14 Comments

  1. The post title is accurate. I’ve tried twice to get through this movie and could never get past the middle. It’s a shame since I like much of the talent involved.

  2. Yes Diandra, a hard movie to get through, and with so much acting potential.

    Btw, thanks for the link from your Blog, which I have just become aware of. A good read. I have placed a link on my sidebar.

    Tony

  3. Sam Juliano

    Tony, I did think Steiger was quite effective, and Palance turned in an impressive performance as well. But I agree this film is undistinguished and ultimately unmemorable.

    Keal says:
    “It’s in the same garish genre as THE BAD AND THE BEAUTIFUL. It’s paced too fast and pitched too high; immorality is attacked with almost obscene relish, the knife turns into a buzz saw. Maybe because all these faults of taste you can’t take your eyes of it.”

    Well, I don’t really have any desire to see it again, and your superb review makes no contrary case. Ha!

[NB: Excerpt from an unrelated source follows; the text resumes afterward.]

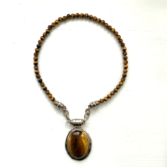 VINTAGE 1990s JOSEPH ESPOSITO Tiger Eye Big Oval Silver Necklace

  4. Funny Sam, I thought Steiger was such a ham in this. But from other reviews I gather his character is a composite of the big shot Hollywood producers of the period, and it may be that the drama queen portrayal is accurate after all!

  5. Dr. Laura

    I agree this is NOT FILM NOIR…. the only similarity is in the darkness and shadows of the storyline… but any cinematographer world balk at the thought that there was “film noir” lighting and staging in this slow moving movie.

  6. Johnny Lagoon

    It may interest you to know that Rod Steiger was close friends with James Dean right around the time he shot this film, and in the final days of Dean’s life, he handed Steiger a copy of Ernest Hemingway’s “Death In The Afternoon” with anything pertaining to a bullfighter’s demise in the ring underlined by Dean’s hand numerous times. It’s also intensely resonant, if not downright chilling, to discover that the initial first showing of “The Big Knife” took place at The Venice Film Festival in Italy on September 10, 1955, a mere 20 days before Dean died.
    Knowing this, the film suddenly leaves the realm of camp or dated melodrama, and cuts much more deeply in ways than anyone may have previously realized.

  7. Johnny Lagoon

    Mr. D’ Ambra: Thank you for your kind reply. Something further for you to meditate upon, in regards to James Dean and “The Big Knife”….a car accident is at the center of
    the film’s blackmail and cover-up plot. Odets may have been florid, but he was never superficial. In this case, he may well have been precognitive.

  8. Johnny Lagoon

    Another interesting footnote is when Steiger’s character contemptuously spits out the word “psychoanalysis” to Palance. It was well known at that time that actors
    such as Brando, Dean, and Clift were in analysis, and that the relation between
    Sigmund Freud and The Method might make for explosive performances, but
    created “difficult” stars in the eyes of the repressed and conservative power
    brokers of mid-1950’s Hollywood.